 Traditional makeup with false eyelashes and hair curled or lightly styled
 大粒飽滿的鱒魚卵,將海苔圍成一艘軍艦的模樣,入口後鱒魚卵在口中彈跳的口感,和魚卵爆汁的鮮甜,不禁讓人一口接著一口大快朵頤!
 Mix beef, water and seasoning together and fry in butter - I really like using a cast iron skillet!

....

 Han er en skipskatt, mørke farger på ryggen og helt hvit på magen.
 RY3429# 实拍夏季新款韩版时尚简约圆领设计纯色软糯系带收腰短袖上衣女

....

DESCRIPTION OF THE TASK:
All lines above from the one containing "大粒飽滿的鱒魚卵,將海苔圍成" to the one containing "Mix beef, water" must be repeated exactly, both lines included, and no others.

EXERCISE RESPONSE:
 大粒飽滿的鱒魚卵,將海苔圍成一艘軍艦的模樣,入口後鱒魚卵在口中彈跳的口感,和魚卵爆汁的鮮甜,不禁讓人一口接著一口大快朵頤!
 Mix beef, water and seasoning together and fry in butter - I really like using a cast iron skillet!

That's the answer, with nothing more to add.